We also show the definition of Order, which defines the rules for sorting the records.

public enum Order {
    /** Indicates an ascending order. */
    ASCENDING,

    /** Indicates a descending order. */
    DESCENDING
}

Next, we will propose the operator implementation for the sortPartition API.

The TaskMainThread will add records to the ExternalSorter, which is a multi-way merge sorter for sorting large amounts of data that cannot totally fit into memory. The ExternalSorter will sort the records according to the Order and send the sorted records to output at the end of inputs. The following diagram illustrates the interaction between the TaskMainThread and the ExternalSorter:

Aggregate

We introduce the aggregate API in the PartitionWindowedStream.

public class PartitionWindowedStream<T> extends DataStream<T> {
    /**
     * Applies the given aggregate function to the records of the window. The 
     * aggregate function is called for each element, aggregating values 
     * incrementally in the window.
     *
     * @param aggregateFunction The aggregation function.
     * @return The resulting data stream.
     * @param <ACC> The type of the AggregateFunction's accumulator.
     * @param <R> The type of the elements in the resulting stream, equal to 
     * the AggregateFunction's result type.
     */
    public <ACC, R> DataStream<R> aggregate(AggregateFunction<T, ACC, R> aggregateFunction) {
      ...
    }
  
}

Next, we will propose the operator implementation for the aggregate API.

The TaskMainThread will first create a accumulator by invoking the AggregateFunction#createAccumulator, and then compute each record by the accumulator in AggregateFunction#add. At the end of inputs, the TaskMainThread will get the result from the accumulator and send it to output.

Reduce

We introduce the reduce API in the PartitionWindowedStream.

public class PartitionWindowedStream<T> extends DataStream<T> {

    /**
     * Applies a reduce transformation on the records of the window.
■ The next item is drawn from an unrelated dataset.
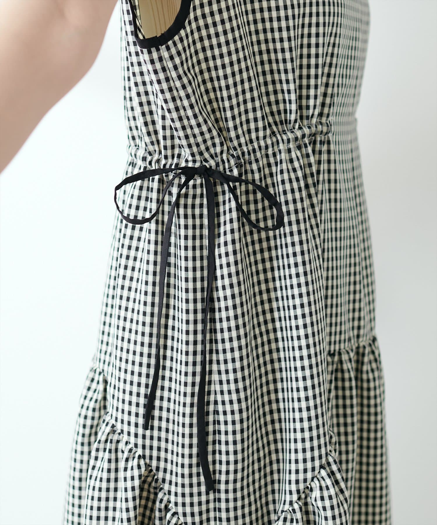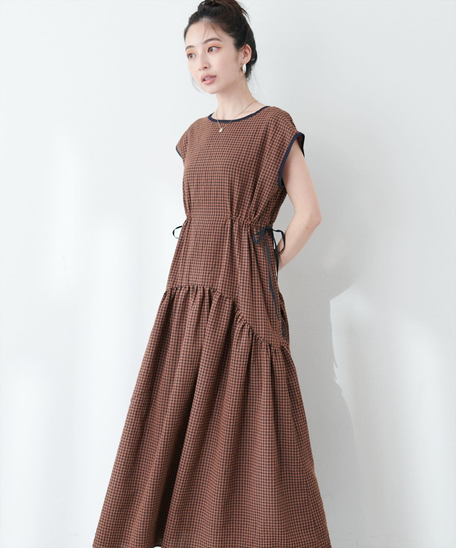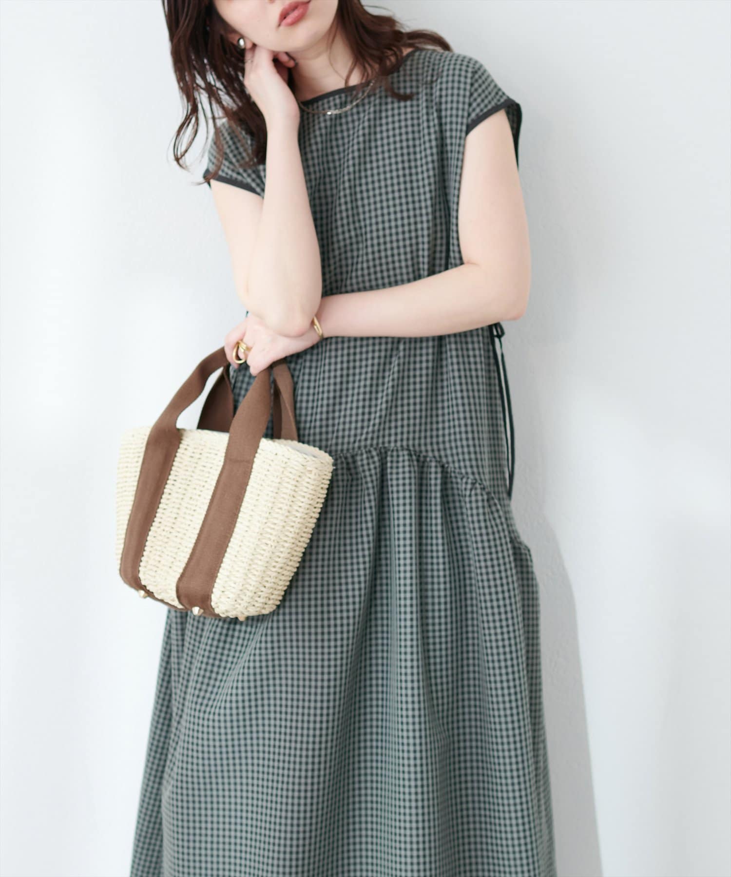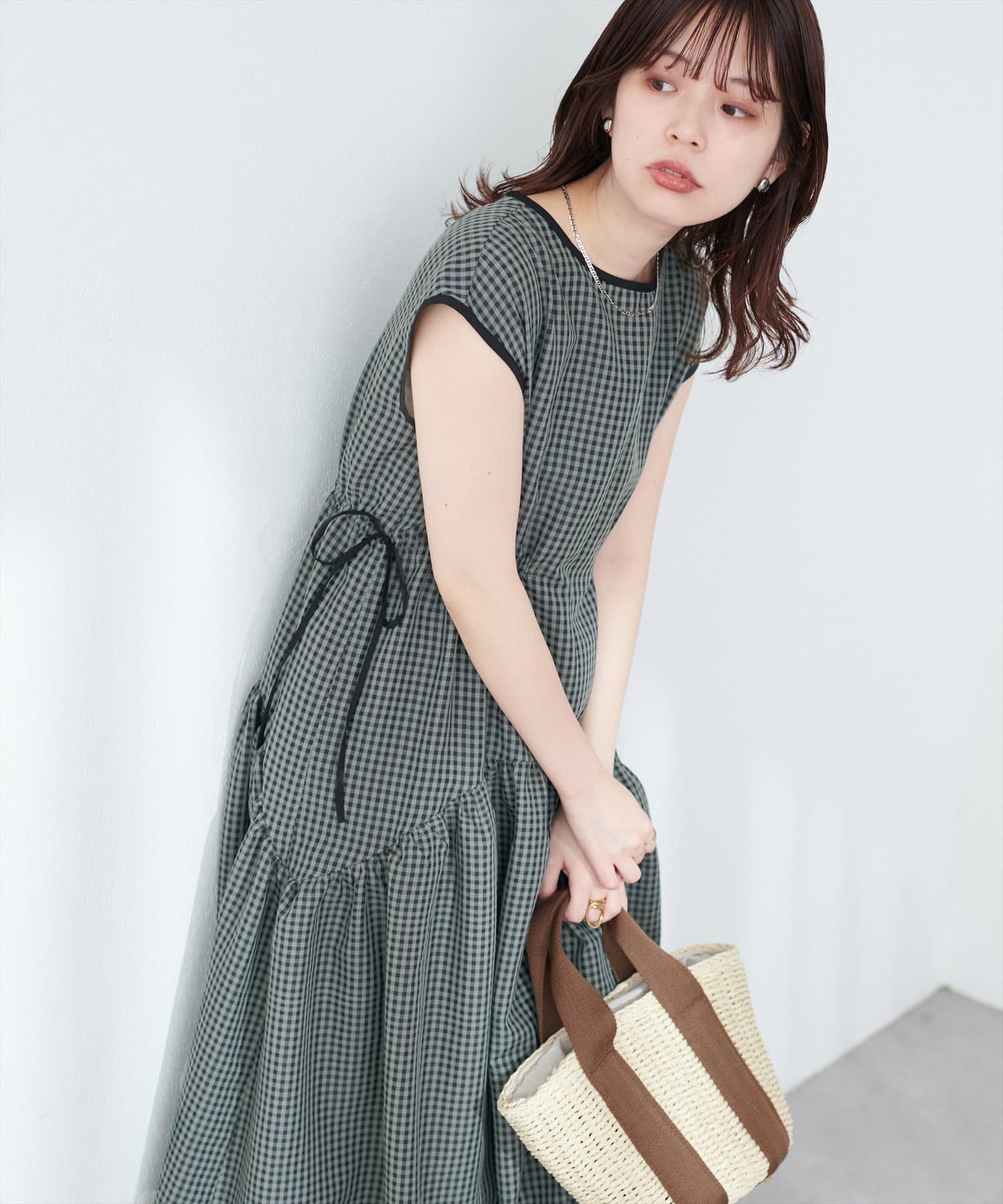 【WEB限定】ドロストデザインチェック柄ワンピース

The 
     * {@link ReduceFunction} will be called for every record in the window.
     *
     * @param reduceFunction The reduce function.
     * @return The resulting data stream.
     */
    public DataStream<T> reduce(ReduceFunction<T> reduceFunction) {
      ...
    }
}

Next, we will propose the operator implementation for the reduce API.

The TaskMainThread will invoke ReduceFunction#reduce for each record in the window and only send the final result to output at the end of inputs.

Rejected Alternatives

1. In the implementation of mapPartition API, make operator do not cache records. The UDFExecutionThread must execute synchronously with TaskMainThread to get the next record and process it in MapPartitionFunction.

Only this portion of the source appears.